The Rajpal Abeynayake Column                     By Rajpal Abeynayake  

Courtesy World Bank - hungrier and poorer than 1990: The proof
When this column takes contentious stands on various issues, people often ask ''why?'' Therefore, the best that can be said most of the time in answer to this question is that this column has often been right. The UNDP Human Development Index that was released last week proves this column right again.

But, to begin by way of anecdote, World Bank officials met media representatives a few years back to ascertain their views on issues that pertain to Sri Lanka. Halfway through the proceedings, the World Bank representative in Sri Lanka at that time asked those present one very clear and pointed question. He asked: "In your opinion, what is holding the Sri Lankan economy back?''

There were different answers. Mine was probably the simplest of them all. "If you want to know what's holding the Sri Lankan economy back,'' I said, "you need to look in the mirror.'' Another World Bank representative, a lady, then asked me the reason for this answer. My reply was that 'it will require a two hour lecture on the deleterious effect of World Bank and IMF policies on this nation.''

Last week, the head of the United Nations Development Program, UNDP Administrator Mark Malloch-Brown said just that - only many years later. He said a "guerrilla assault" is needed on the so-called "Washington Consensus" that sets out the general policies used by the IMF and the World Bank. He said these policies are keeping the World's poor countries poor -- and are making them poorer. He said emphatically that a "total reliance on market forces and increased trade to achieve development will not succeed.'

Along with his comments was released the Human Development Index for the year 2003. This is basically a "livability index" which lists the World's countries on the 'level of human development, '' ie: on how good these countries are to live in.
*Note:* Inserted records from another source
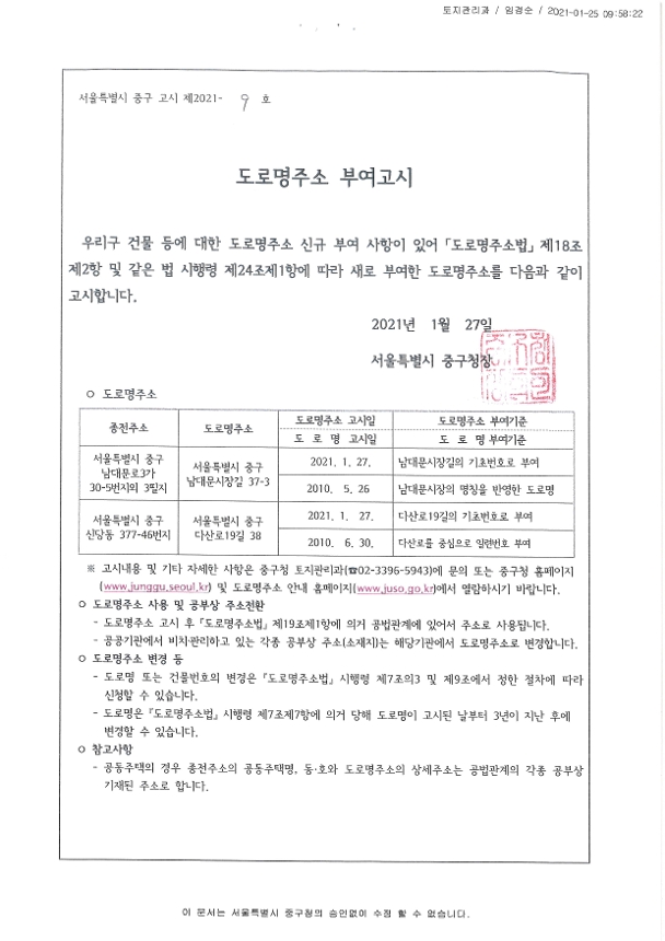| 분류 | 일반공공행정 > 일반행정 > 주소정책 > 도로명주소 부여 및 폐지 고시 | ||
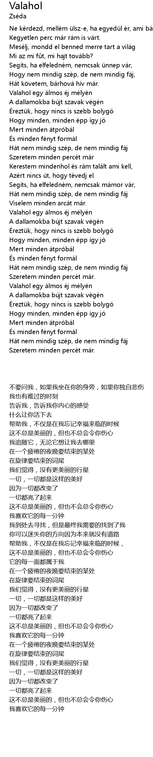 | [00:20] | Ne ké rdezd, mellé m ü lsze, ha egyedü l é r, ami bá nt |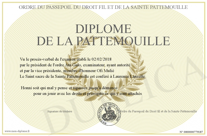 Envoyez par email votre Diplôme de la pattemouille personalisé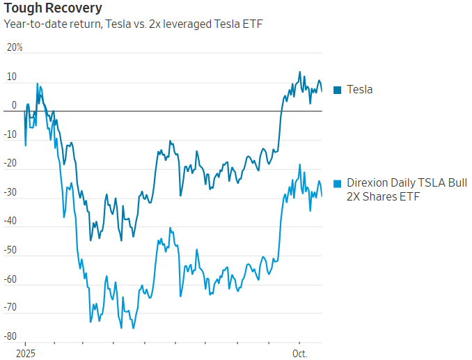 When Tesla fell 40% earlier this year, the leveraged fund fell about 75%. Tesla’s stock needed a 67% rebound to recover while leveraged fund would need a 300% gain.

Norway, our peace sponsor (...come to that later) was rated the "most liveable country'' in the world for the second year in succession. Sri Lanka was ranked 98th in a ranking of 175 countries ahead of India and China. The top ten most liveable countries in the world are Norway, Iceland, Sweden, Australia, Netherlands, Belgium, United States, Canada, Japan and Switzerland, in that order. The bottom ten (in order from the last -- which is Sierra Leone - upwards) are all sub-Saharan African countries including Sierra Leone, Niger, Burkina Faso, Mali, Burundi, Mozambique, Ethiopia, the Central African Republic and the Democratic Republic of Congo.

The World Bank and the IMF mandarins should hear the report and hide their faces somewhere. The report states: Despite a widespread assumption that all countries are slowly getting richer, 54 are poorer now than they were in 1990, while life expectancy fell in 34 countries -- primarily because of the HIV/AIDS epidemic -- and 21 countries are hungrier than they were in 1990 (!!) (Exclamation marks mine.)
Sakiko Fukuda-Parr, Chief Author of the report deadpanned "Public interventions are necessary to set the preconditions for market-led economic growth."
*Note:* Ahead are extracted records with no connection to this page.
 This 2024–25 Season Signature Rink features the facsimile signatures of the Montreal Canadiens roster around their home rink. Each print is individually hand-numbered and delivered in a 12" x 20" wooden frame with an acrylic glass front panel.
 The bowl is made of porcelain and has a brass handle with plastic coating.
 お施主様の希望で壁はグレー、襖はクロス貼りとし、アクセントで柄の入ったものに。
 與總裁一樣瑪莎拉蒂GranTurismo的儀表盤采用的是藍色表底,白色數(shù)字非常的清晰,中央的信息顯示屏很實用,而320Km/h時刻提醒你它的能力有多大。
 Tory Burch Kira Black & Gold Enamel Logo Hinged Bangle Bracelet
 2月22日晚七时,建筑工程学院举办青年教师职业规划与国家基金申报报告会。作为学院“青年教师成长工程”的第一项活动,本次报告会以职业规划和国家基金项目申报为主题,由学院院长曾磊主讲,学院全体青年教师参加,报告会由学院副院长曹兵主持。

Basically it is a very blunt indictment on IMF and World Bank policies, which have been accused directly of keeping the world's poor countries poor and in fact of making them poorer by insisting on implementing so called 'neo liberal" economic polices which presuppose that the poor countries can get rich the way the rich countries got rich ie: with ''less subsidies, less public interventions and untrammeled free market economics.''

This presumption about free market policies, of course, ignores the basic fact that the rich countries to a great extent got richer by exploiting the poor in the international marketplace, but that's another matter.

Norway is the most livable country, so is it merely coincidence that Norway is pushing the neo-liberal economic solution for Sri Lanka's conflict ravaged North and the East? (…see last week's column in this space.) "For many countries, the 1990s were a decade of despair," said the UNDP report. How does that square with the pictures painted by the IMF and World Bank about their policies making every country richer?
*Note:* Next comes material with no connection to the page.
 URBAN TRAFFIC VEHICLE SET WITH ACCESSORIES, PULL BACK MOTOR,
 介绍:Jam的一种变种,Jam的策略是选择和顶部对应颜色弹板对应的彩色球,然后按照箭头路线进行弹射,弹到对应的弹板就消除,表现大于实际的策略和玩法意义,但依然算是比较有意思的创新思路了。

All it shows is that all World Bank and IMF aided and abetted programmes in countries such as ours need to be viewed with heavy skepticism, if not suspicion. This goes for the programme lined up for the so called reconstruction of the North and the East, using the neo-liberal free market economic agenda promoted by these two bodies.

There was another news item this week that made interesting reading, especially to those who follow the economics of politics, and the politics of economics. This was the breaking news about the go-ahead given to Indian firms to prospect for oil off the shores of Mannar. Excellent, but incidentally an oil-driven economy will make Sri Lanka more coveted by key international players. When looking at Iraq's fate today -- there will be quite a few international analysts who wouldn't say "pity they had oil."

Many skeptics baulked when this column and others like it pointed out that the war in Iraq was about oil and not about Weapons of Mass Destruction - the discovery of which has now been ruled out. Such skeptics said similar things when this column discussed the issue of the neo-liberal agenda making countries such as ours poorer. But, there seems to be no answer that skeptics have in the face of the report released by the UNDP last week in its Human Development Index.

There is one suggestion by Mr. Malloch-Brown of the UNDP, which is that the richer countries should help the poorer to reach their goals by helping to mobilize the needed additional assistance. It is payback time probably for the countries that have constantly led us up the garden path -- but maybe that's another story for another time.